It accepts various possibilities for filtering, consult its manual page for details.
When using the --unit option of journalctl, note that the services are docker containers and their logs show up under the docker service, and not under proxedo-api-security.
|
One option for checking a specific container’s logs is to use the
--identifier option for journalctl and specify the identifier of the component.
|
7.3.1. Understanding logs
As multiple pieces of software run in each container, there are two layers of logs in each containers' output.
The first field is always an ISO formatted date. Then the name of the process inside the container follows. The remaining fields are the output of the process itself.
In the below example, we see logs from the flow-director container. It prints output for processes called pre, pas-event-handler, flow-director and service-adaptor.

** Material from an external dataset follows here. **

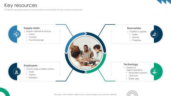 This slide showcases assets required for business operations such as real estate, technology, employees and supply chain. Slidegeeks is here to make your presentations a breeze with Key Resources Premium Hospitality Service Business Model BMC SS V With our easy-to-use and customizable templates, you can focus on delivering your ideas rather than worrying about formatting. With a variety of designs to choose from, you are sure to find one that suits your needs. And with animations and unique photos, illustrations, and fonts, you can make your presentation pop. So whether you are giving a sales pitch or presenting to the board, make sure to check out Slidegeeks first This slide showcases assets required for business operations such as real estate, technology, employees and supply chain.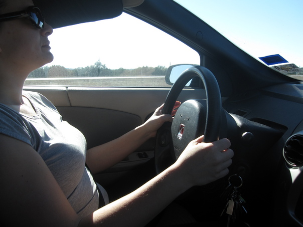 IT IS A PHOTO OF A ONE PERSON SITTING IN A CAR

2021-04-20T09:15:30 pre Container starts
2021-04-20T09:15:33 pre INFO:confgen: Generating configuration files
2021-04-20T09:15:34 pas-event-handler INFO:SupervisordEventDispatcher:Dispatching event; processname='pre', eventname='PROCESS
2021-04-20T09:15:34 pas-event-handler INFO:SupervisordEventDispatcher:Process exited; processname=pre, success=True
2021-04-20T09:15:34 pas-event-handler INFO:SupervisordEventDispatcher:Starting main processes.

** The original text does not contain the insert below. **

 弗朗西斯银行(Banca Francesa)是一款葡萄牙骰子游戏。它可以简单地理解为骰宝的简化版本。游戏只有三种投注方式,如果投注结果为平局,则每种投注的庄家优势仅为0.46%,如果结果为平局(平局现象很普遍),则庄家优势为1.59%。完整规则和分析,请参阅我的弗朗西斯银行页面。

2021-04-20T09:15:34 pas-event-handler INFO:SupervisordEventDispatcher:Starting process; process='flow-director'
[...]
2021-04-20T09:15:37 flow-director 2021-04-20T09:15:37+0200: flow_builder.info(3) (nosession): Loaded plugin; [...]

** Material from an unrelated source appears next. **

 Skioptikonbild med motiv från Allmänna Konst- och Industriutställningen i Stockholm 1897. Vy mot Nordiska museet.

2021-04-20T09:15:37 flow-director 2021-04-20T09:15:37+0200: flow_builder.info(3) (nosession): Loaded plugin; [...]
2021-04-20T09:15:37 flow-director 2021-04-20T09:15:37+0200: flow_builder.info(3) (nosession): Loaded plugin; [...]
2021-04-20T09:15:37 flow-director 2021-04-20T09:15:37+0200: flow_builder.info(3) (nosession): Loaded plugin; [...]
2021-04-20T09:15:37 flow-director 2021-04-20T09:15:37+0200: flow_builder.info(3) (nosession): Loaded plugin; [...]
2021-04-20T09:15:37 flow-director 2021-04-20T09:15:37+0200: flow_builder.info(3) (nosession): Loaded plugin; [...]
2021-04-20T09:15:37 flow-director 2021-04-20T09:15:37+0200: flow_builder.info(3) (nosession): Loaded plugin; [...]
2021-04-20T09:15:37 flow-director 2021-04-20T09:15:37+0200: flow_set.info(3) (nosession): Start building flows
[...]
2021-04-20T09:15:39 pas-event-handler INFO:SupervisordEventDispatcher:Starting process; process='service-adaptor'
[...]
2021-05-07T14:23:55 service-adaptor INFO:PASHealthCheck:All services are healthy.
2021-05-07T14:23:55 service-adaptor [pid: 47|app: 0|req: 223/223] 172.19.0.3 () {28 vars in 350 bytes} [Fri May 7 14:23:55 2021] [...]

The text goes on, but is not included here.